• **EXERCISE DATA**
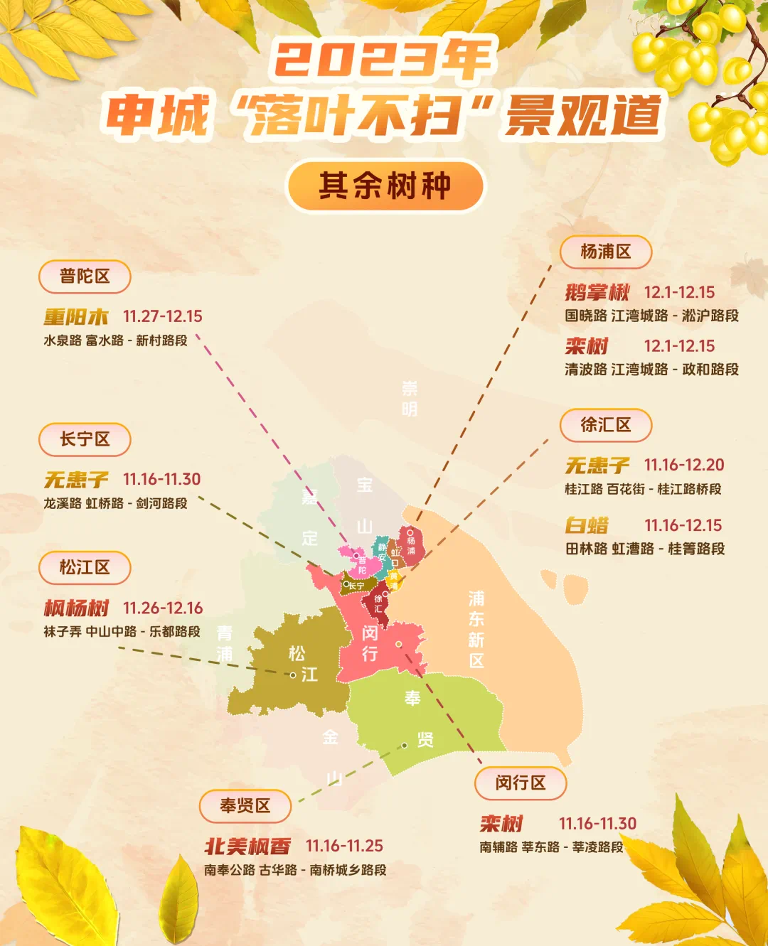 目前,上海市第一批景觀道的“落葉不掃”模式即將結束,與此同時,第二批“落葉不掃”的景觀道也將于12月份開啟。限定美景,一葉知秋,快帶上相機來到街頭,感受這份屬于上海的秋日浪漫吧。
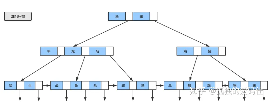 下面就是用B+树实现的十二生肖的索引存储结构。
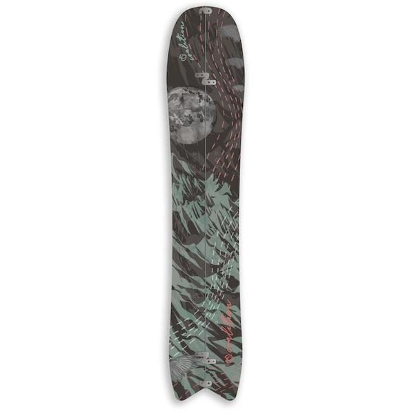 A progressive shaped women’s splitboard that light on the way up and reliable on the way down

• **TASK PROMPT**
Reproduce the data above exactly, leaving out any picture in it.

• **RESULT OF THIS TASK**
 目前,上海市第一批景觀道的“落葉不掃”模式即將結束,與此同時,第二批“落葉不掃”的景觀道也將于12月份開啟。限定美景,一葉知秋,快帶上相機來到街頭,感受這份屬于上海的秋日浪漫吧。
 下面就是用B+树实现的十二生肖的索引存储结构。
 A progressive shaped women’s splitboard that light on the way up and reliable on the way down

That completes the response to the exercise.